А я был вполне достойный продукт своего времени: армейская жизнь, политинформации ‒ замполиты научили думать «как надо». Были поучительные уроки.
Однажды у нас на курсе прошёл слух, что ночью у выпускников арестовали и увезли семь человек. Оказывается, они накануне вечером, собравшись в баталерке (комната, в которой хранились наши личные вещи), травили анекдоты. Да какие: про Сталина!
А вторая история произошла с моим приятелем, Сашкой Носыревым. Мы с ним вместе провели в двух училищах четыре года. И вот стало известно: он не только скрыл, что находился в оккупации, что само по себе уже было преступлением в то время, но и (страшно подумать!) вместе с семьёй был в Германии. И его забрали прямо с предпоследнего экзамена, за три дня до окончания училища и вручения лейтенантских погон.
Прозревать я начал только весной 1953 года. А точнее, 4 апреля, утром, во время завтрака в офицерском зале нашей полковой лётной столовой. В комнате пять столов, двадцать человек. За моим столом, кроме меня, трое: комэск майор Гузеев, командир моего звена капитан Капица и ещё кто-то, забыл. Все трое много старше меня, да и вообще в полку я был самый молодой лётчик. Сидим, кушаем, за каждым столом какие-то свои разговоры. Заговорила висевшая на стене чёрная «тарелка». Последние известия. И вдруг:
‒ Передаём сообщение ТАСС.
И затем слышим указ о реабилитации и освобождении «врачей-убийц»!

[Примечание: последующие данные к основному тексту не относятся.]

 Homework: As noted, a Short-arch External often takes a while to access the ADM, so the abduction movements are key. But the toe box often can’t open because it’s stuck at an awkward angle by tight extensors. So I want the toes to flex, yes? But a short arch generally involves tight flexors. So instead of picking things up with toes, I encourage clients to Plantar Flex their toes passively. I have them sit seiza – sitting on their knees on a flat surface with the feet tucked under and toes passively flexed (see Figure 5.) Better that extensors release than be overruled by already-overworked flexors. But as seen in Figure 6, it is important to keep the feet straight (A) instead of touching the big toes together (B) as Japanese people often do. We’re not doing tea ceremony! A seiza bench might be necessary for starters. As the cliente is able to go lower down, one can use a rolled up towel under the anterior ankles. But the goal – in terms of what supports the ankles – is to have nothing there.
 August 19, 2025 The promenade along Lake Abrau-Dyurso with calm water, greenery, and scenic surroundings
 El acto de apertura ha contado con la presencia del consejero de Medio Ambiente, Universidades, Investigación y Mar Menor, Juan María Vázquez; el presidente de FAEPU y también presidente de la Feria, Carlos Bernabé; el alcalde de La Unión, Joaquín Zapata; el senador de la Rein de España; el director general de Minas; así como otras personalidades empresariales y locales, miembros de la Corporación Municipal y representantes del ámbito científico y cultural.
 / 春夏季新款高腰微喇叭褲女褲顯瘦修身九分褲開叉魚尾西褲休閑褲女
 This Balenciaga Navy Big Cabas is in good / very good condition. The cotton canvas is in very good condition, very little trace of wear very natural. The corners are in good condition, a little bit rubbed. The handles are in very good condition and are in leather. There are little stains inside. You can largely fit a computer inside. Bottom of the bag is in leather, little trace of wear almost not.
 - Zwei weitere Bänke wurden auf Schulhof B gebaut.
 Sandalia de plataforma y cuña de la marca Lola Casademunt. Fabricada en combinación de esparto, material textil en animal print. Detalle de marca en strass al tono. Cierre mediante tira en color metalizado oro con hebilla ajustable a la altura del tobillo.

Всеобщее молчание. И среди этого молчания – один голос, мой:
‒ Что же их, сволочей, не повесили? Почему отпустили?
В ответ гробовое молчание. Никто даже головы не поднял от тарелки. Значит, они все понимали больше меня! И до сих пор я с ужасом думаю, что же они в тот момент подумали обо мне. Тут два варианта: жидёнок, подыгрывает нам; или, что не лучше: вот сидит молодой идиотик, кретин.
И вот это общее молчание меня потрясло. Я понял, что что-то не так. И с этого момента, с этого дня я начал размышлять.
А потом, через какое-то время, в дни очередного отпуска Саша, мой брат (он был старше меня на десять лет и был для меня непререкаемым авторитетом), предложил мне прогуляться по Москве. Мы пришли в безлюдный скверик на Болотной площади (это напротив кинотеатра «Ударник»), и там в течение нескольких часов Саша рассказывал мне о Сталине, о Берии, об НКВД, об истории с «врачами-убийцами» и о многом, многом другом.
Я был в шоке. Я всё это слышал впервые. Но я не мог не верить Саше.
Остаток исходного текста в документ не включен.